To do: Print exactly the lines from the one containing "研磨中の様子。一点一点、熟練の職人がていねいに磨き上げていく" through the last line of the entries below; the pictures stay out of the copy.

Records contained in a dataset
******
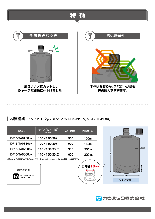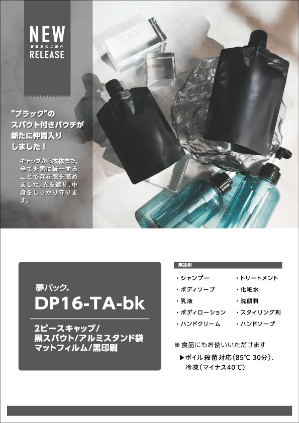 【特 長】ブラックのスパウト付きパウチが新登場!キャップから本体まで、全てを黒に統一することで存在感を高めました。肩を斜めにカットしシャープな仕上がり、光を遮り、中身をしっかりと守ります。黒のフルボディタイプでマットPETとアルミ箔を採用!ボイル殺菌85℃×30分、冷凍-40℃対応。食品にもご使用頂けます。
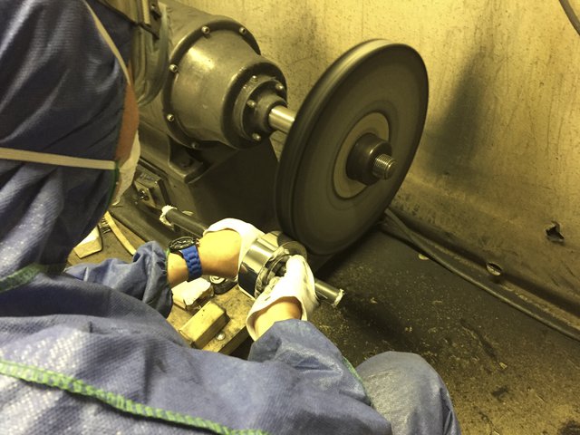研磨中の様子。一点一点、熟練の職人がていねいに磨き上げていく
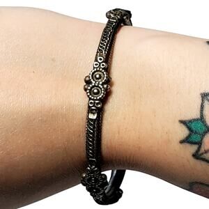 Silver Tone Decorative Bangle Bracelet 9" Vtg
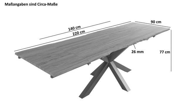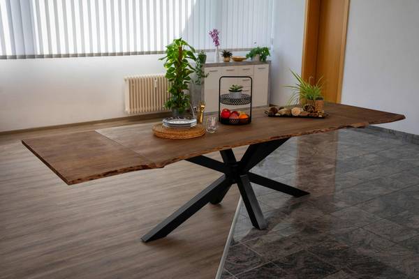 Hochwertiges Unikat – Der Esstisch besteht aus massiven und robusten Akazienholz. Aufgrund der einzigartigen Maserung erhalten Sie ein Unikat mit individuellem Charakter. Das Metallgestell sorgt für einen gelungenen Kontrast, welcher dem Massivholztisch einen Hauch von industriellem Look verleiht. Vorteil des Spidergestells: Mehr Beinfreiheit beim Sitzen am Tisch.
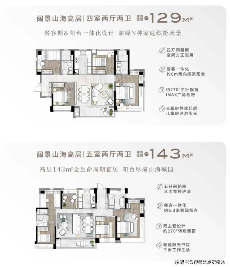 低密洋房:建面约143-169㎡五房,一梯一户设计,三开间朝南,主卧配备270°转角飘窗及步入式衣帽间,得房率超85%。
******
Output below:
研磨中の様子。一点一点、熟練の職人がていねいに磨き上げていく
 Silver Tone Decorative Bangle Bracelet 9" Vtg
 Hochwertiges Unikat – Der Esstisch besteht aus massiven und robusten Akazienholz. Aufgrund der einzigartigen Maserung erhalten Sie ein Unikat mit individuellem Charakter. Das Metallgestell sorgt für einen gelungenen Kontrast, welcher dem Massivholztisch einen Hauch von industriellem Look verleiht. Vorteil des Spidergestells: Mehr Beinfreiheit beim Sitzen am Tisch.
 低密洋房:建面约143-169㎡五房,一梯一户设计,三开间朝南,主卧配备270°转角飘窗及步入式衣帽间,得房率超85%。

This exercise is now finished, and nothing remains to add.